Congrats @Misokatsu and @icebear, you guys are truly killing it.
Keep up the good work.
Blessings and sobriety!
Day 513. Monday. A new week!
I feel good! Very glad and grateful to be sober and clean.
The weather clearing up here. It’s looking to be a lovely week to be sober!!
Have a great monday guys!
Day 739 AF
Ploughing through day 2 of no cigs.
Well yesterday was a walk in the park. Began questioning why on earth I had even been putting off quitting. Ah hahahahahaha. Yeah. Last night sucked. Multiple shit dreams. Constantly waking up. And today, well. It was meant to be a fairly stress free day but then everything happened at once, kids - sick, tired and impossible to please, fighting, meltdowns, dr who won’t listen to me re my daughter… by dinnertime I was close to exploding. We all sit for dinner and 2 of 4 kids look at the meal and decide it’s disgusting and carry on refusing to touch it (it’s a meal they’ve had a dozen times before and devoured it ). So showing the most incredible restraint I think I’ve ever had, I took a deep breath and counted to 5. I then calmly stood up and announced that the eldest 2 are in charge and I will be back. Locked myself in the bathroom and screamed in a pillow and cried my heart out.
I’m now just very quiet holding it together until the youngest 2 are in bed. Then I’m going to devour a whole block of chocolate with a cup of tea in absolute peace and quiet and not feel even 1% guilty for not sharing.
Tomorrow is another day.
- Coffee. I’ve got the day off and stuff to do. Like enjoying the beautiful weather but also do some house chores. And meet some neighbours to file a formal complaint together against the extension of the outdoor area to the restaurant on my little square which will make for a lot more noise. Time to move. Very grateful I’m sober and clean. One day at a time. Love from Luna and me.
@Misokatsu, @CATMANCAM and @icebear Huge congrats on 300!
@Lisa07 friend.
@Becsta Enjoy your chocolate and you time B. You sure earned it today.

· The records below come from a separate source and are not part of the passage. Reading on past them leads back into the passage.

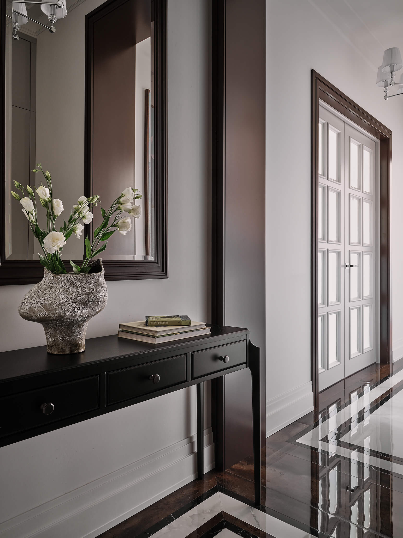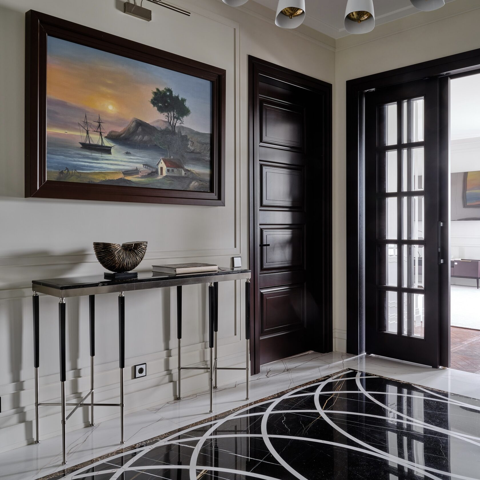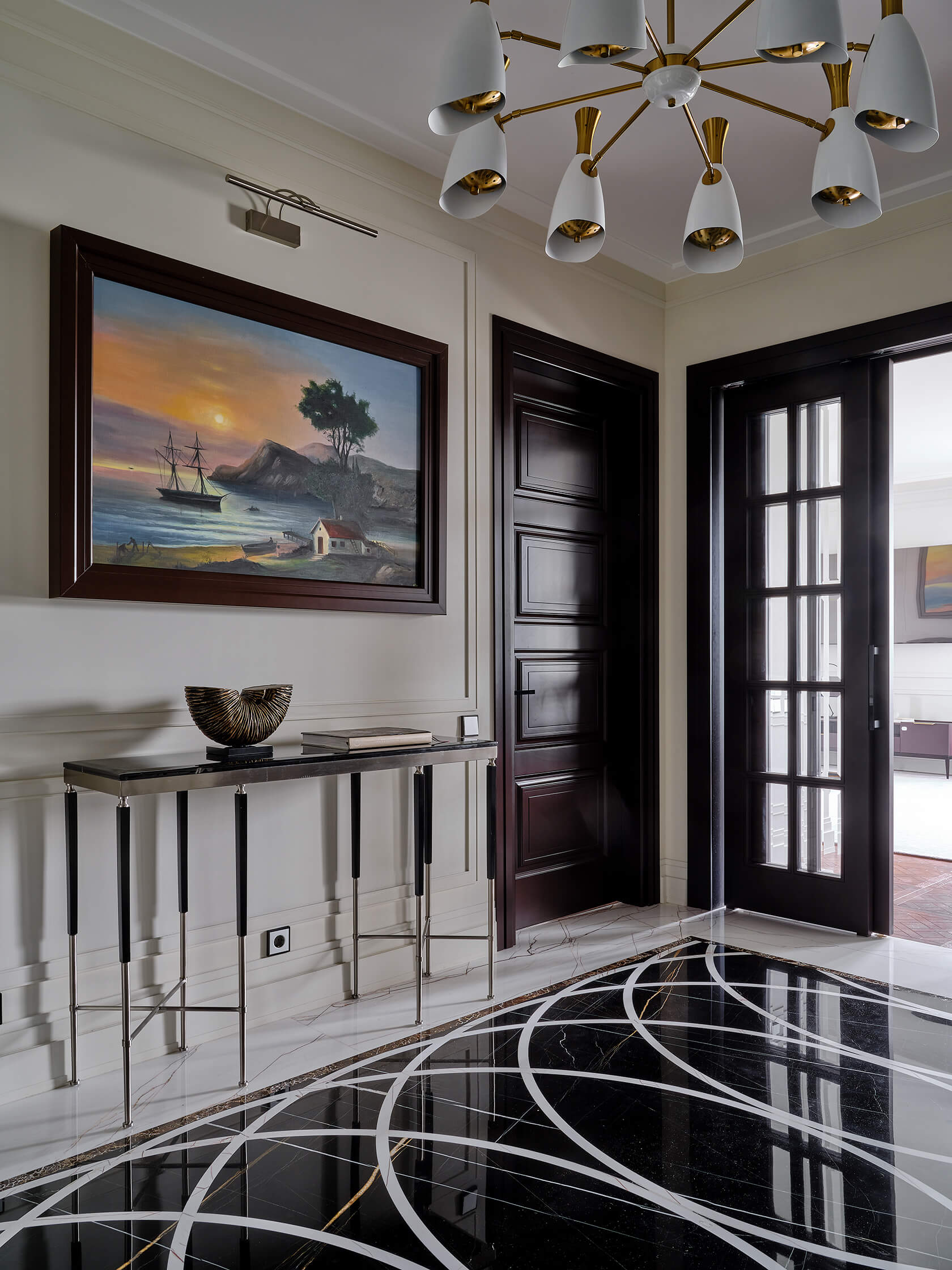 нтерьер олицетворяет сочетание классической элегантности и современного стиля. Изысканные
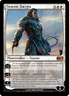 | Rules | +2: During target opponent's next turn, creatures that player controls attack Gideon Jura if able. −2: Destroy target tapped creature. 0: Until end of turn, Gideon Jura becomes a 6/6 Human Soldier creature that's still a planeswalker. Prevent all damage that would be dealt to him this turn. |
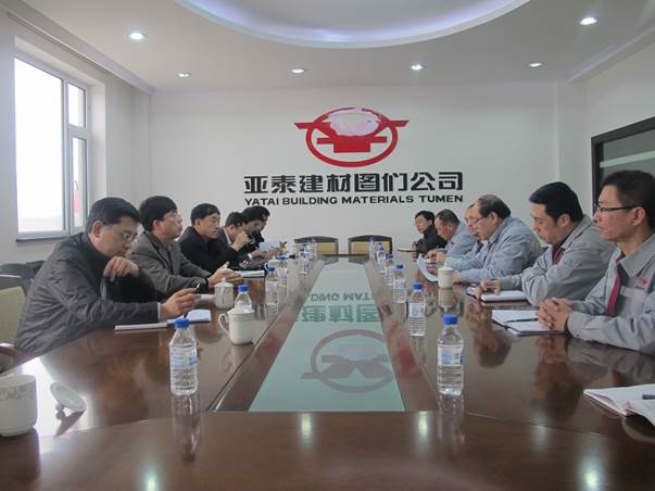 2014年4月3日上午,延边州州委群众路线教育实践活动第二督导组组长朱哲洙、图们市委书记金基德等领导到亚泰建材图们公司调研指导工作,企业总经理周芳菁接待了朱组长、金书记一行。

Checking in, day 214 no alcohol, day 12 no cigarettes. Finally I got my first vaccination today. I have been feeling very unhealthy lately, lost a lot of weight and was so weak, that I could hardly walk a few blocks. I’m still not feeling well, but I start to have a bit more energy. I started to take vitamins and some coffein pills. I really don’t like summer, and am grateful actually that it’s June already and autumn is coming. Nothing else to report, it’s like the calm before the storm - or maybe after.
I hope everybody’s doing fine!
Made it through the first 7 days and I feel great. We put up a pool and had a blast with my family. If I was taking pills, yesterday would have went so differently. I would have been Short and quick tempered. I would have probably gotten drunk too and then would have felt shitty and dehydrated from the hot weather and sun. It was such a fun day and I thank sobriety for that. Have a wonderful Monday everyone.
Good morning everyone heading into day 6 with no sleep. Super nervous for a tattoo I have today. I stayed up and finished this on my arm
and then I just sat there and studdied this I just wanna make sure it’s perfect. Would anyone be against me starting a tattoo thread of my work, it would be nice to get oppions and feed backI’d be interested in that Mike
- Exhausting weekend at work. Have today and tomorrow off. Time for chores, car washing…not great fun, but that is an adult life.
Before sobriety, I probably would already have my first beer in me “because work sucked”. That is no way to live. By biggest issue today will not to bug the piss out of Ms. Monkey as she works
First check in for a while but still here and still sober have a great day everyone
Checking in sooo tired its a day of sleeping!
Hey Des welcome back great to hear you’re still doing awesome!
@anon53116147 I’d love to follow the tattoo thread if you start one, that’d be cool to see your ideas and work!